FEBRUARY 14, 2000
Formula 1 in South Africa
Kyalami is also under pressure from a new facility named Phakisa Freeway which has been built with local government money near the Free State town of Welkom, 140 miles south of Johannesburg. This was created in an effort to promote a more active tourist industry in the old gold mining areas where there have been heavy job losses in recent years. Last year Phakisa won a five-year contract to host the South African Motorcycle Grand Prix and this year hopes to add NASCAR to its calendar.

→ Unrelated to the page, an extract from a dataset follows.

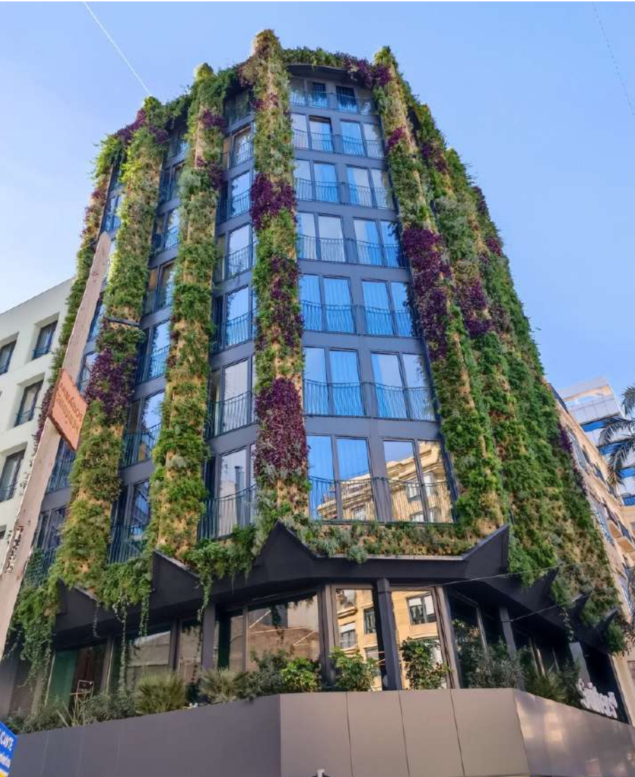
Vertical Garden at Suiters Building, Alicante 2022

The track is being overseen by Bobby Hartslief who was the promoter at Kyalami in the 1970s. "The owners at Kyalami need to face the sad reality that motor racing is a noisy sport and racetracks just don't exist in built-up areas," he said recently. "There will come a time when the value of the land will be more valuable than the return they get from motor racing."
It is not a coincidence that F1 Race Director and Safety Delegate Charlie Whiting recently visited Phakisa to check the safety standards at the track to see whether it can be used for F1 testing.

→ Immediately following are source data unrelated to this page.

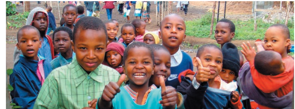
THANK YOU... THANK YOU... THANK YOU... THANK YOU... THANK YOU... THANK YOU... THANK YOU...

You can contribute in many other ways. See overleaf for details. Could you contribute one day of your wages a year? Will you remember us in your will ? Our policy is to acknowledge all donations unless you request otherwise.
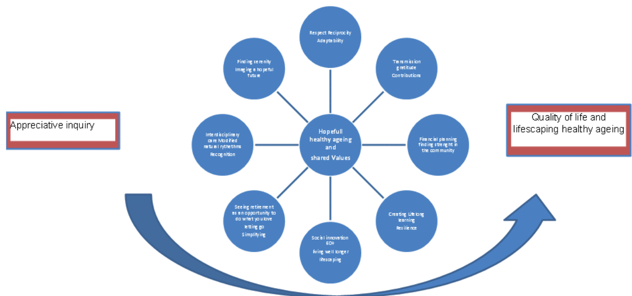
Figure 2. The hopeful health-aging model.

Most people received a gift of thirty years added on to their lifespan. This gift from our ancestors can be appreciated and used to the fullest. The new epigenetic paradigm and research area stresses how environment and perceptions can influence the expression of DNA. 35 This understanding underscores the importance of health pre-
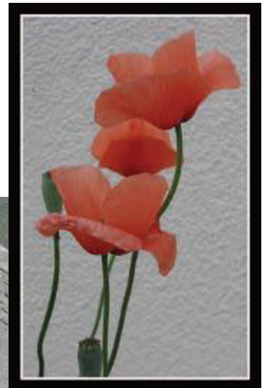
French wild Poppies by George Jurazek
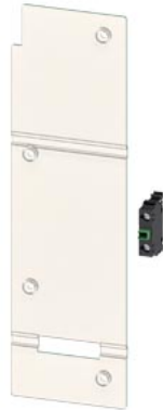
accessories for switch disconnector with fuses in-line design, plug-in, NH00 auxiliary switch 1 NO with cover
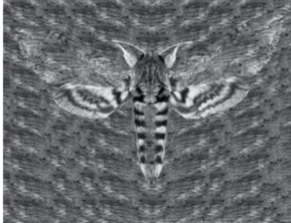
Artificial life from a digital sea

"The big question is: how did we get here? Our intelligence didn't evolve all at once," says
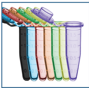
1.5mL also available in these great colors

The oversized cap (with frosted marking surface), combined with the unique ring & groove closure, enhances the security of the liquid-tight seal, while minimizing the required locking forces for a more ergonomic opening/closing of the tube caps.
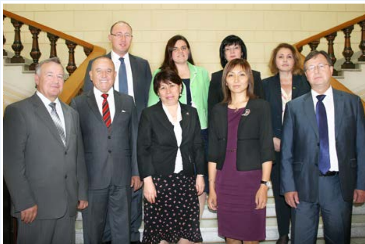
Participants of the 18th meeting of the Coordination Board on Professional Training for Personnel of the Central (National) Banks of EurAsEC Member States 28-30 August 2013

The training objective is to provide systematic skill improvement opportunities for executives and experts of central (national) banks of EurAsEC Member States in relevant banking areas, and to optimize respective efforts of central (national) banks of EurAsEC Member States.
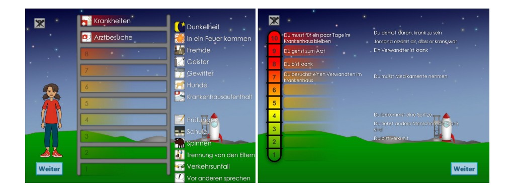
Fig. 1. Fear Ladder and Fear Thermometer

to exchange them for toys and items for their playroom. A further screen, the Statistics Display shows anxiety ratings for each individual level.

There is little doubt that the Automobile Association of South Africa - the owner of Kyalami - realizes that it is fighting a losing battle. AASA president Selwyn Nathan has reportedly proposed that a future South African GP could switch between Kyalami and Phakisa.

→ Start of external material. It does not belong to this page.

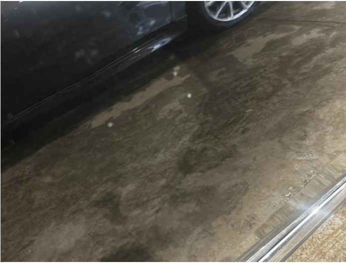
3: Door osf Chipped 1 To 5

The South African government would love to get Grand Prix racing back but is not keen to pay for it. The country needs more foreign investment and F1 could help that happen in the long term.
Interest in F1 in South Africa has also been increased by the fact that Jody Scheckter's son Tomas has shown well in European racing and has just signed for Paul Stewart Racing in the British Formula 3 Championship. He is expected to test for the Jaguar Racing F1 team later this year.